Teachers who wish to exercise the right kind of empathy spontaneously draw their attention towards the deeper layers of understanding the child. Empathy exercised over the peripheral layer of understanding is not any empathy at all. Empathy grows with understanding. Empathy as quality cannot be induced from outside. It stems from within, from a desire to reach out…… Its the genuine interest in the student which catalyzes the expansion of teacher empathy…It is a choice
TEACHERS OF TODAY AND YESTERDAY
Teachers of bygone era practiced even home visiting as part of understanding the student’s background. No doubt there was a certain chemistry that prompted the parental community and the society as a whole to view teachers as somebody with the power to guide the rest of the society forward. Trust of students and parents drew its sustenance from the genuine empathetic behavior exhibited by the teaching community. Teacher empathy and parental trust nurtured each other.

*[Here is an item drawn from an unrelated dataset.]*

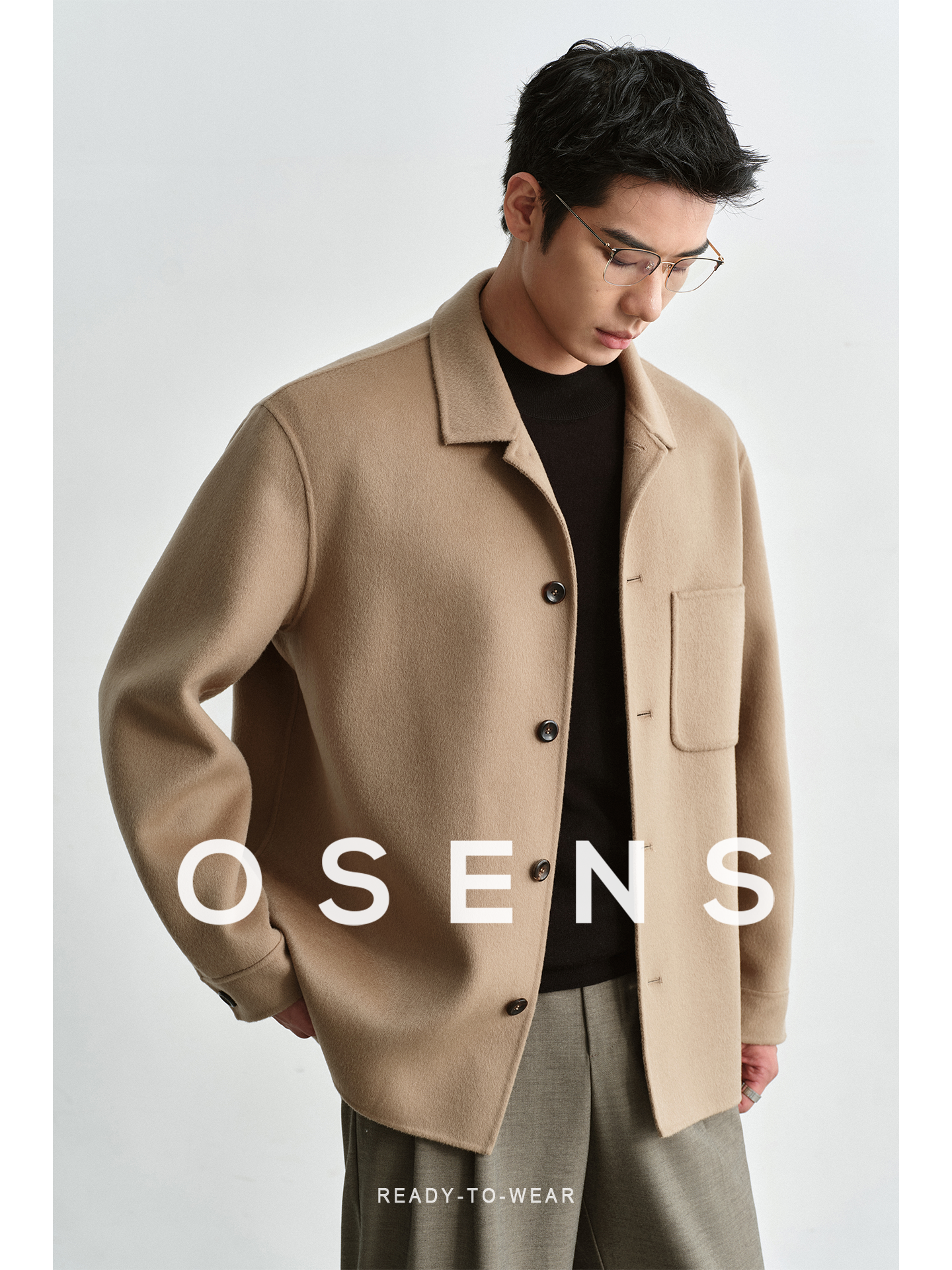 Osens Men's Clothing Heavyweight Imported Australian Wool Cashmere Lapel Straight Short Double-Sided Wool Coat for Men Winter

But as commercialization invaded the educational system classrooms have become venues to produce brains for the prospective job markets. Teachers willingly repudiate the whole-child approach and the main focus is on the examination. In this state of things, empathy is not needed. In examination-oriented systems, teachers are not supposed to involve in all aspects of student life but only in those aspects in which score in the examination is at stake, needs special attention from teachers.
There is a mammoth difference between teaching a student knowing only about his previous/present intellectual performance and teaching the student by knowing the whole child– his life, interests, feelings, home environment, persona etc. The former approach in teaching is easier and the later is easy only for the teacher who is willing to reach out and nurture genuine interest in her students. It is a choice.